Issuer Credit Research

DL Chemical group Issuer Flash: 2026 1Q Results

Issuer: Dl Chemical Group | Document: Issuer Flash | Date: 2026-05-21 | Event: Q1 2026 Results

Report date: 2026-05-21 Event date: 2026-05-08 Event title: Q1 2026 Results

Flash Conclusion

DL Holdingsの2026年1Q予備実績は、DL Chemical groupの信用見方に対して短期的には前向きである。2025年4Qに赤字化していた化学事業とKratonが黒字へ戻り、DL Holdings連結営業利益はKRW112.9bn、DL Chemical連結営業利益はKRW56.2bn、Kraton営業利益はKRW31.3bnとなった。Kratonは2025年4QのKRW56.1bn赤字から反転しており、稼働率、販売数量、製品価格、SBSやTOR/TOFAスプレッドの改善が確認された。
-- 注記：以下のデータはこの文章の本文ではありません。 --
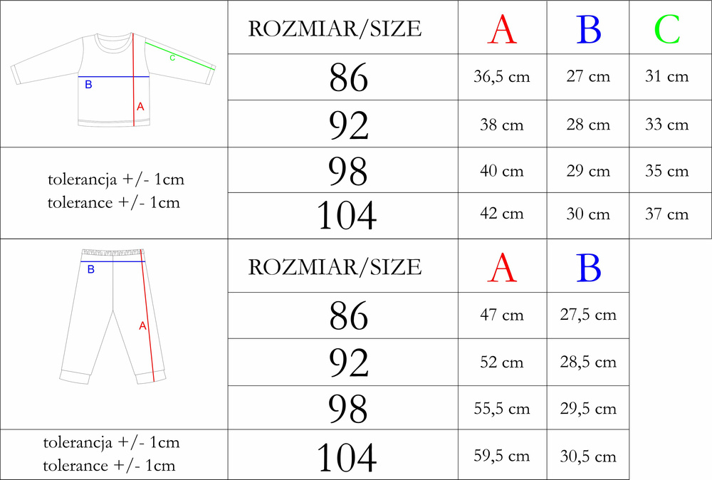 | Rozmiar | Obwód klatki piersiowej | Obwód pasa |

ただし、信用水準を一段引き上げる材料ではなく、2025年4Qからの反発確認にとどめる。DL Chemical separateは前年同期比では減益、Cariflexも顧客在庫調整で減益であり、DL Holdings連結のネット有利子負債は2026年3月末でKRW4.386tnと重い。DL Chemical group本体の無保証信用は、Kratonの黒字継続と営業CF/FCF確認待ちである。Kraton発行体信用は初期的に改善したが、KDB保証付きKraton USD債の信用はKDB保証の法的有効性とKDB信用が中心であり、今回の業績改善だけで無保証DL Chemical group信用と同一視しない。

What Was Announced

DL Holdingsは2026年5月8日にDARTで連結財務諸表基準の営業予備実績を公示し、公式IR資料で2026年1Q Earnings ResultsとData Sheetを掲載した。対象期間は2026年1月1日から2026年3月31日で、IR資料はK-IFRS連結ベース、外部監査人レビュー完了前の投資家向け資料である。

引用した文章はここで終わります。